(Data extracted from a collection)
*-*-*
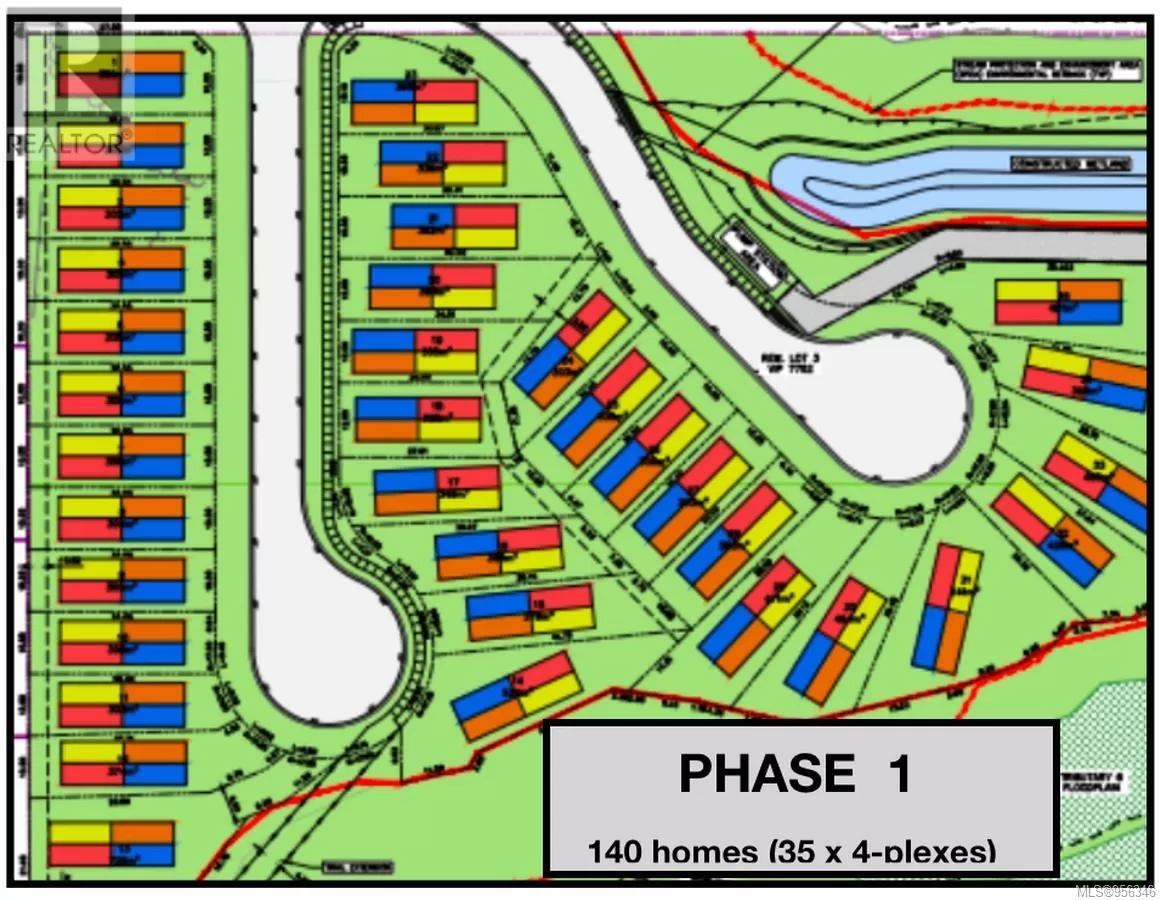 For additional information, please click on Brochure button below. SHOVEL READY ...PLR ISSUED ...DP... approved.... 156 Fourplexes...39 x SSMUH triplex/ fourplex FEE SIMPLE lots. The yield allows 39 Single fam w/ suites, or 78 Duplexes w/ suites, or 121 TRIPLEXES, Under current new Zoning/ Approvals, PLR issued. List price is only $ 50 k / per door, land cost !!! DP approved. Phase 1 is 35 lots for the first 140 homes, or 121 Triplexes, or 70 Duplexes w suites, or just do 35 Single fam w/ suites. 39 x lots @ $429k/ lot) = $ 16.7 M OR, rezone as CD multi-fam strata for low rise, 4 level, 355 apt block units on this prime 18.7 AC ''ready to go'' property. Permits in place & trees already cleared & grubbed & internal roads roughed in & pond's already approved & constructed. * Devp is ripe for 2025/2026 home construction at this great location. Courtenay housing demand, has a significant pent up housing shortage, and very large demand for both affordable homes and also rental units too. 18.7 ACRES (in city limits) DEVELOPMENT PERMIT ** DP APPROVED** PLR is issued Vendor financing available, additional fees may apply (id:27476)
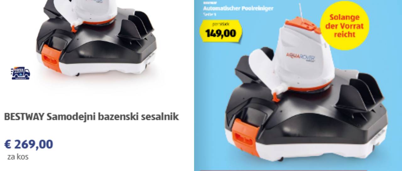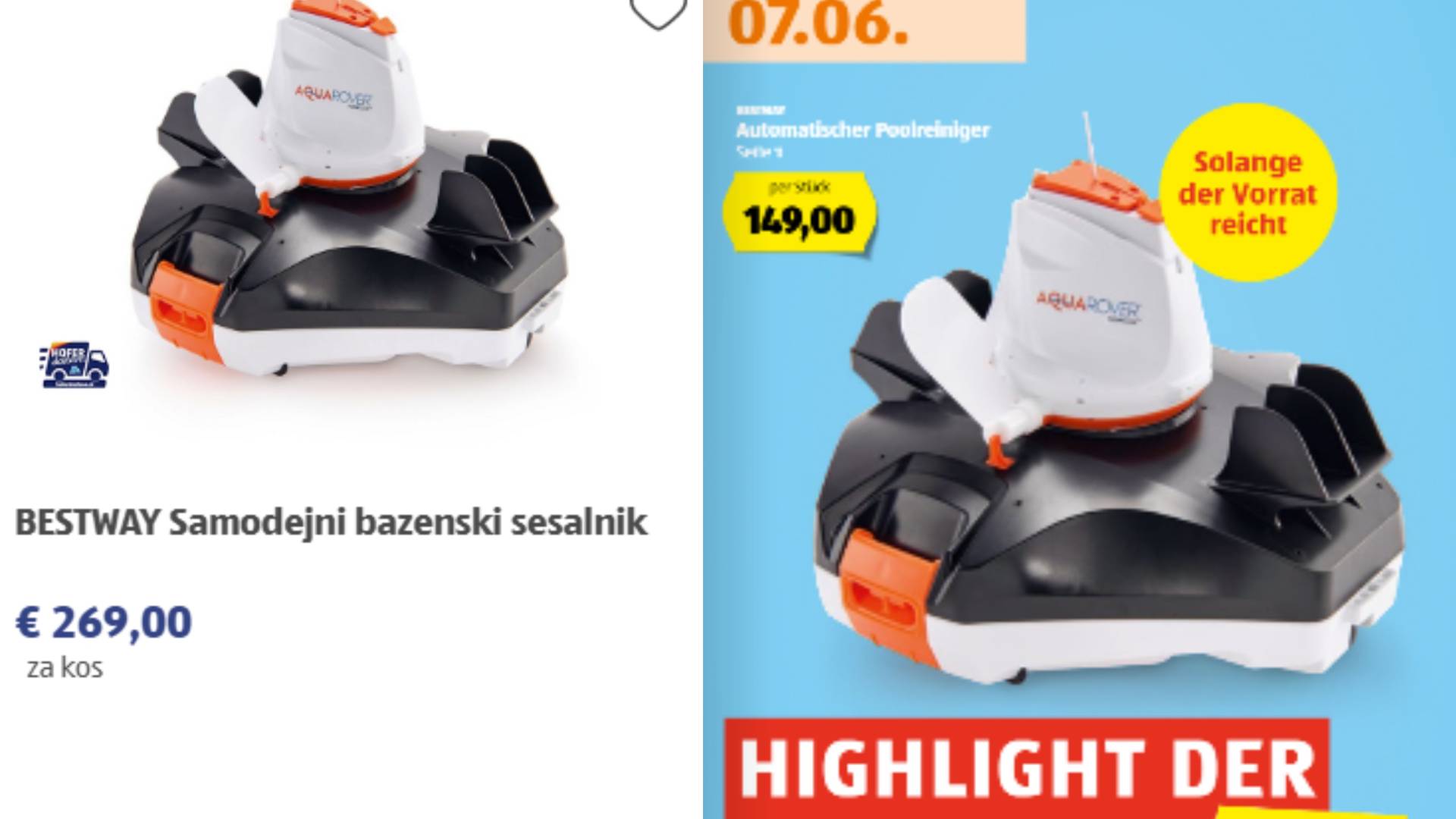 Uporabnik družbenega omrežja TikTok je v videu opozoril na veliko razliko v ceni samodejnega bazenskega sesalnika. Ta v Sloveniji stane 269 evrov, medtem ko je v letaku za avstrijsko tržišče cena enakega sesalnika le 149 evrov
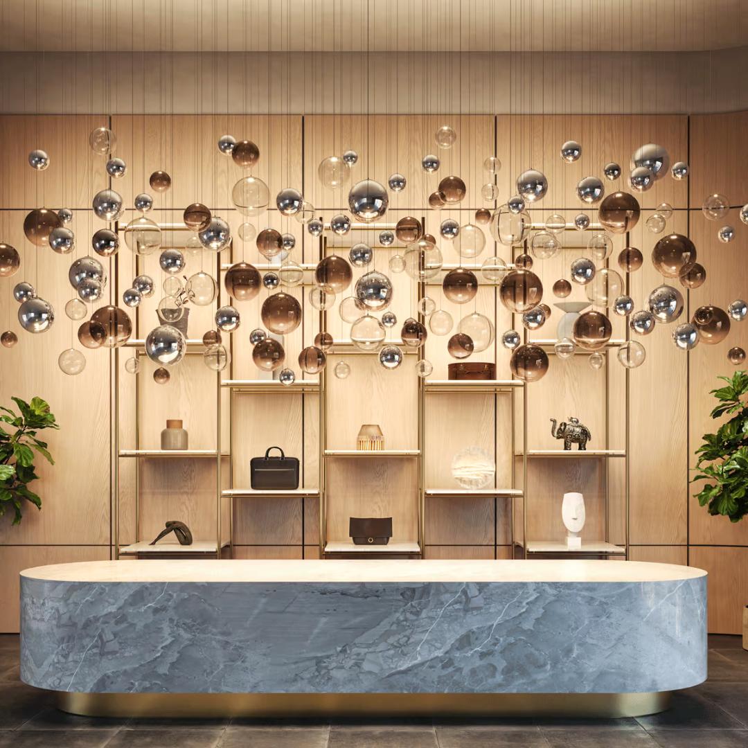 Le verre transparent, le nouveau verre blanc dépoli et les quatre finitions métalliques dégradées originales (chrome, or, or rose, fumé brillant) peuvent être combinés à volonté comme dans un jeu enchanteur de bulles lumineuses.
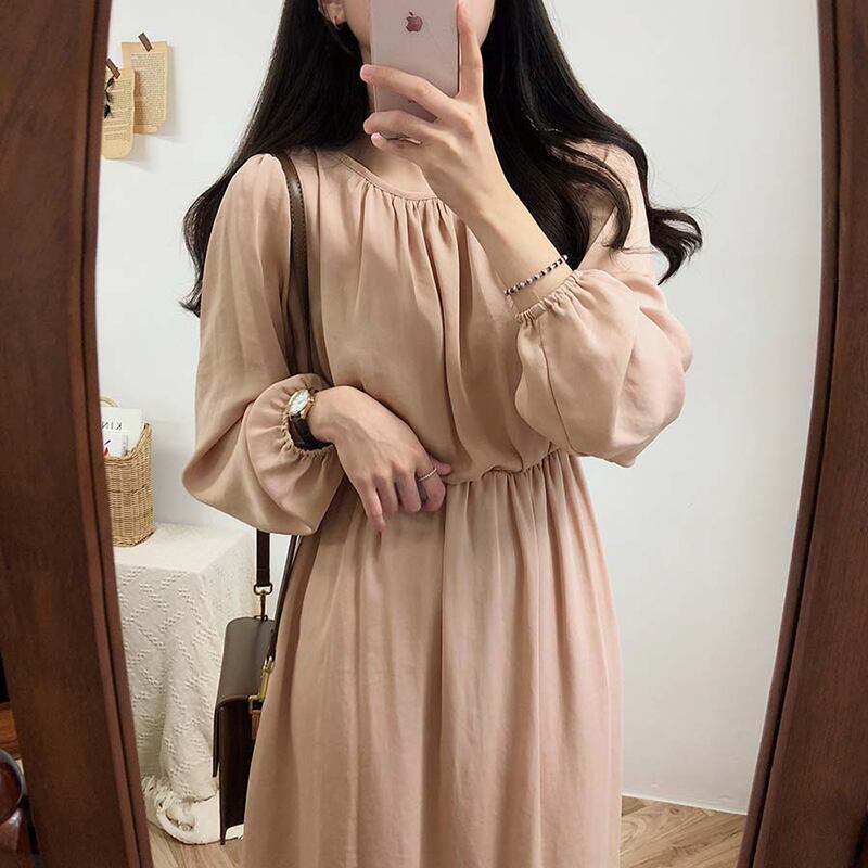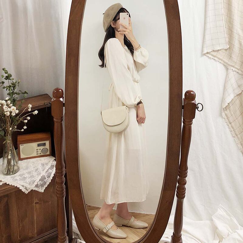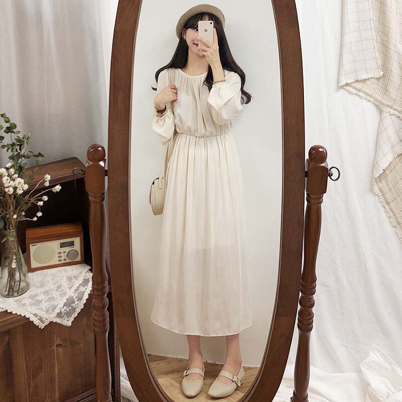 スプリングオータムドレス スカート スタンダードウェスト薄手ロング レトロ 大人ガーリー スウィート キュート カジュアル 春物 秋物 フラワーデザイン 左左右右5251462
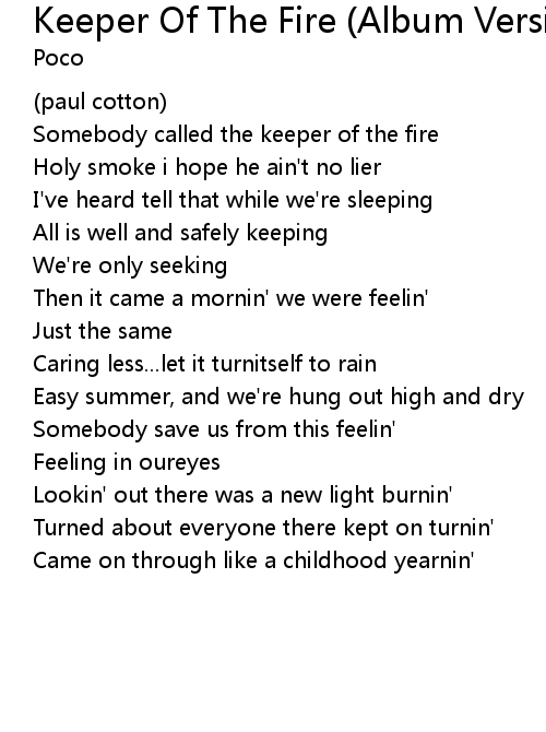 | Somebody called the keeper of the fire | |
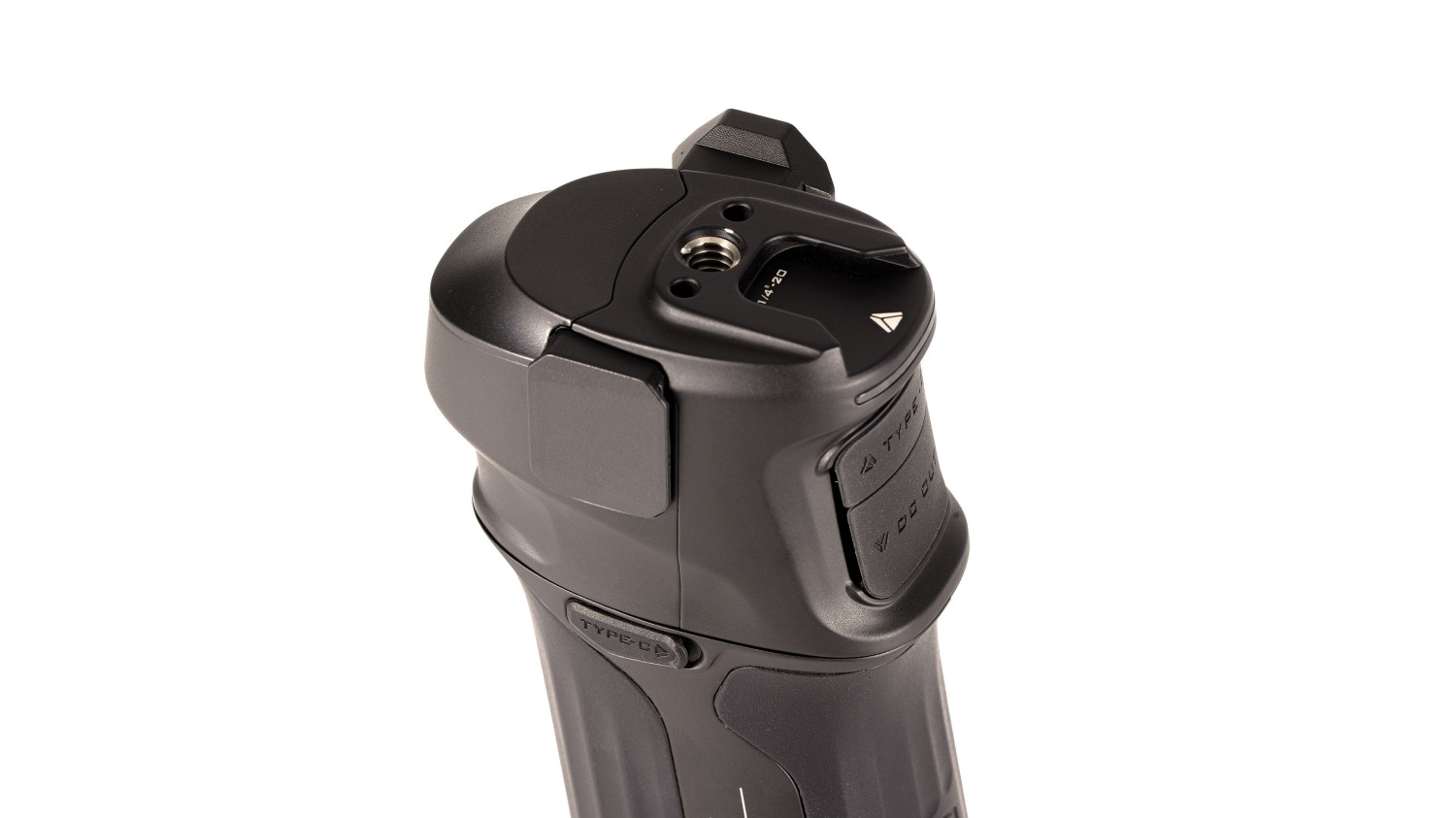 Esta empuñadura también permite a los usuarios alimentar accesorios a través de las salidas USB-C y DC integradas.
*-*-*
Task requirements >> Output the records exactly, pictures excluded.

Result >>
 For additional information, please click on Brochure button below. SHOVEL READY ...PLR ISSUED ...DP... approved.... 156 Fourplexes...39 x SSMUH triplex/ fourplex FEE SIMPLE lots. The yield allows 39 Single fam w/ suites, or 78 Duplexes w/ suites, or 121 TRIPLEXES, Under current new Zoning/ Approvals, PLR issued. List price is only $ 50 k / per door, land cost !!! DP approved. Phase 1 is 35 lots for the first 140 homes, or 121 Triplexes, or 70 Duplexes w suites, or just do 35 Single fam w/ suites. 39 x lots @ $429k/ lot) = $ 16.7 M OR, rezone as CD multi-fam strata for low rise, 4 level, 355 apt block units on this prime 18.7 AC ''ready to go'' property. Permits in place & trees already cleared & grubbed & internal roads roughed in & pond's already approved & constructed. * Devp is ripe for 2025/2026 home construction at this great location. Courtenay housing demand, has a significant pent up housing shortage, and very large demand for both affordable homes and also rental units too. 18.7 ACRES (in city limits) DEVELOPMENT PERMIT ** DP APPROVED** PLR is issued Vendor financing available, additional fees may apply (id:27476)
 Uporabnik družbenega omrežja TikTok je v videu opozoril na veliko razliko v ceni samodejnega bazenskega sesalnika. Ta v Sloveniji stane 269 evrov, medtem ko je v letaku za avstrijsko tržišče cena enakega sesalnika le 149 evrov
 Le verre transparent, le nouveau verre blanc dépoli et les quatre finitions métalliques dégradées originales (chrome, or, or rose, fumé brillant) peuvent être combinés à volonté comme dans un jeu enchanteur de bulles lumineuses.
 スプリングオータムドレス スカート スタンダードウェスト薄手ロング レトロ 大人ガーリー スウィート キュート カジュアル 春物 秋物 フラワーデザイン 左左右右5251462
 | Somebody called the keeper of the fire | |
 Esta empuñadura también permite a los usuarios alimentar accesorios a través de las salidas USB-C y DC integradas.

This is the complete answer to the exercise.